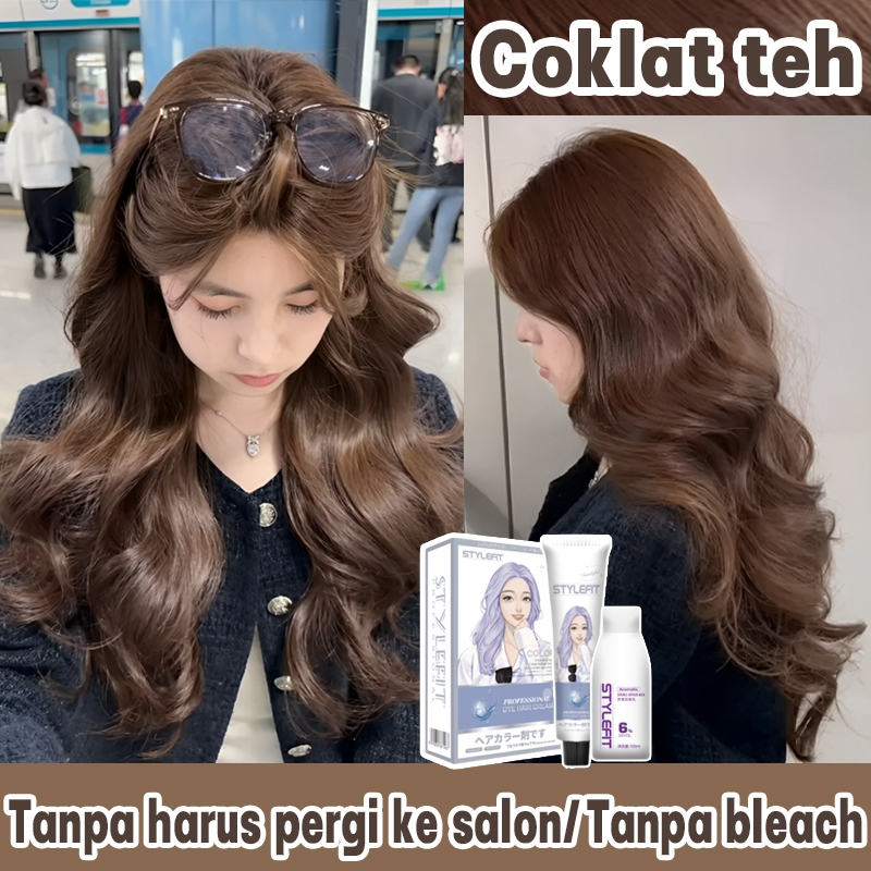[Menutup uban]STYLE FIT Hair Color Coklat teh,mencerahkan kulit,Tanpa bleach,mudah diwarnai,Tanaman alami,warna tetap ta
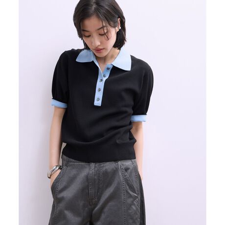 【WEB限定】ハーフスリーブバイカラーポロニット
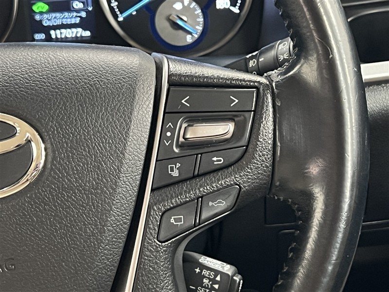 右側のステアリングスイッチではプリクラッシュセーフティや、メーター内のインフォメーションディスプレイの表示切替操作などが出来ます!パノラミックビューモニターの切替スイッチ付!
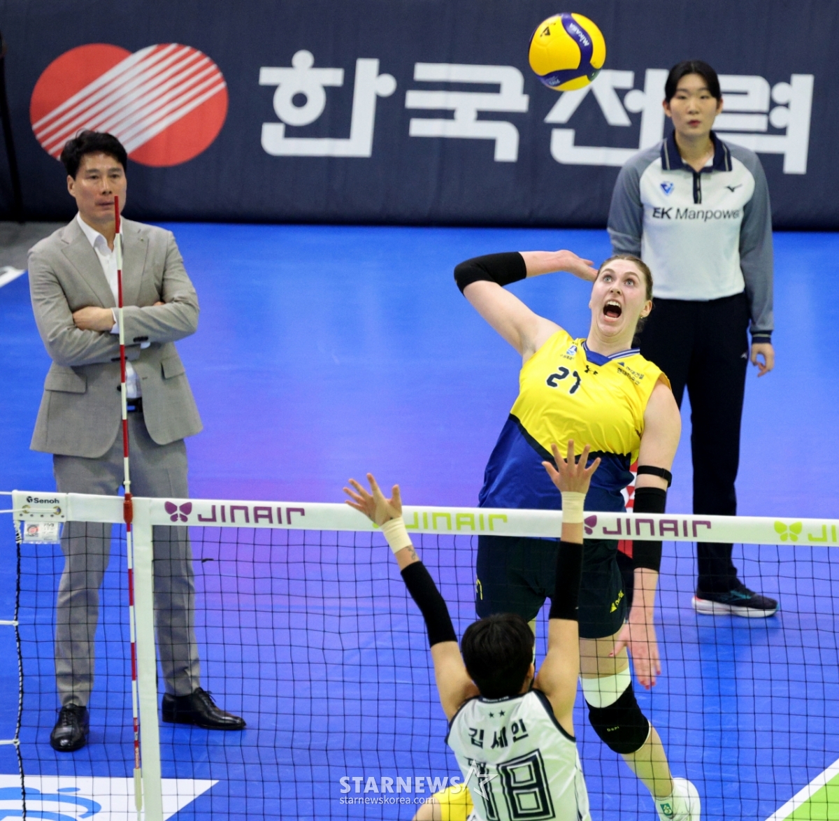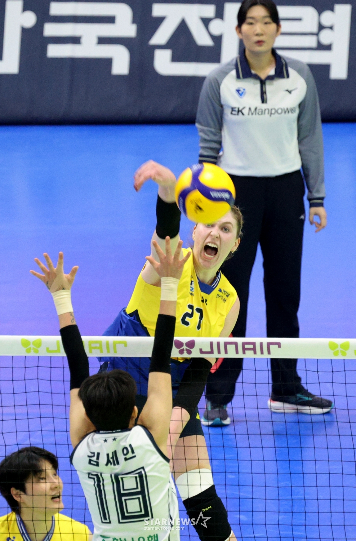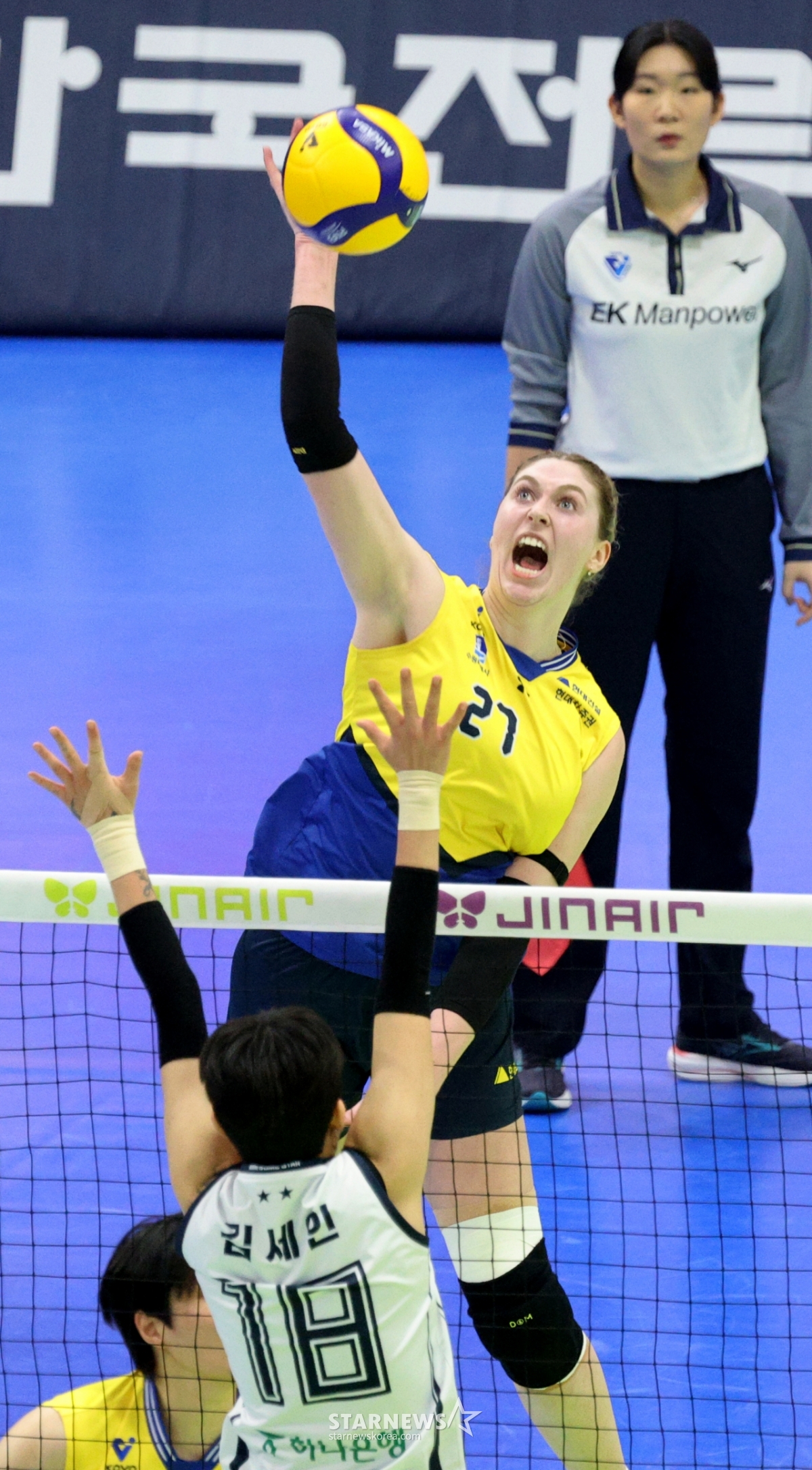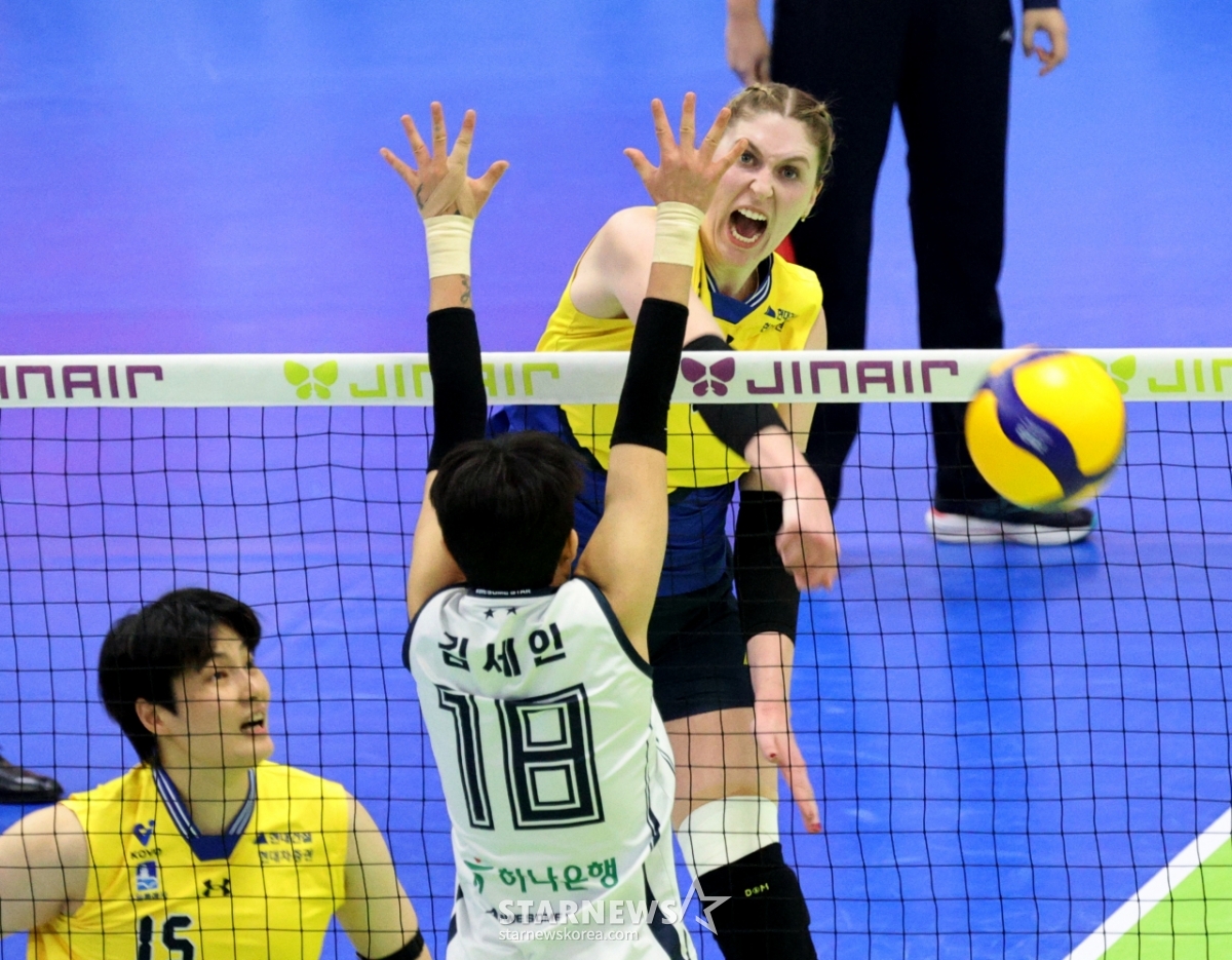 스포츠일반[포토]'악소리 난다!' 카리발행 : 2026.02.13 ・ 20:24수원=강영조 선임기자현대 카리가 13일 수원체육관에서 열린 2025-2026 진에어 V리그 현대건설과 한국도로공사 경기에서 도로공사 김세인 블로킹을 압도하며 강타를 터트리고 있다.. 2026.02.13.<저작권자 © 스타뉴스, 무단전재 및 재배포 금지>브리핑현대 카리가 13일 수원체육관에서 열린 2025-2026 진에어 V리그 현대건설과 한국도로공사 경기에서 도로공사 김세인의 블로킹을 압도하며 강타를 터트리고 있다.추천 기사강영조 선임기자기자홈좋아요스포츠-일반의 인기 급상승 뉴스스포츠-일반의 최신 뉴스
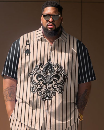 Men's Large Size Casual Striped Poker Retro Elegant Street Short Shirt Shorts Suit
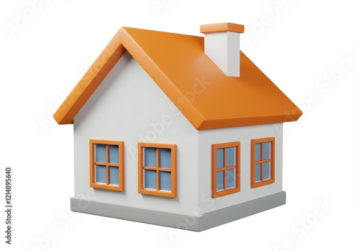 A 3D rendered small house with a white body and an orange gabled roof isolated on white background
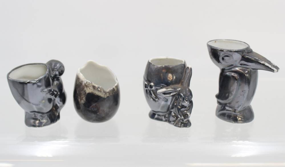 4x div. wohl Eierbecher, silberfarben, älter, leicht berieben, ca. H-8cm [1]
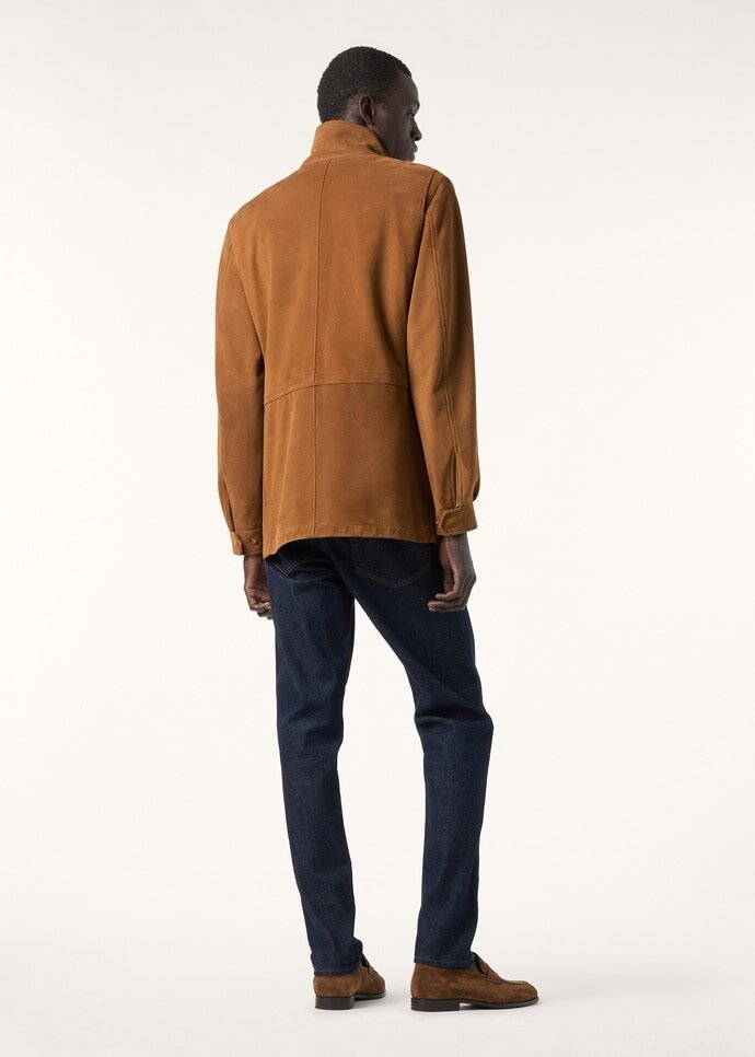 The ultimate companion for life en route, the iconic Traveller jacket combines function, versatility and comfort. It is rendered in lightweight Lowered Suede with a refined look and a smooth sensual touch. The clean-lined garment is finished with a range of multi-functional pockets to host everyday essentials.

* [What is expected]: Write out exactly the lines that run from the top of the listing above to the line containing "右側のステアリングスイッチで", both ends included. Omit every picture.

* [Result]:
[Menutup uban]STYLE FIT Hair Color Coklat teh,mencerahkan kulit,Tanpa bleach,mudah diwarnai,Tanaman alami,warna tetap ta
 【WEB限定】ハーフスリーブバイカラーポロニット
 右側のステアリングスイッチではプリクラッシュセーフティや、メーター内のインフォメーションディスプレイの表示切替操作などが出来ます!パノラミックビューモニターの切替スイッチ付!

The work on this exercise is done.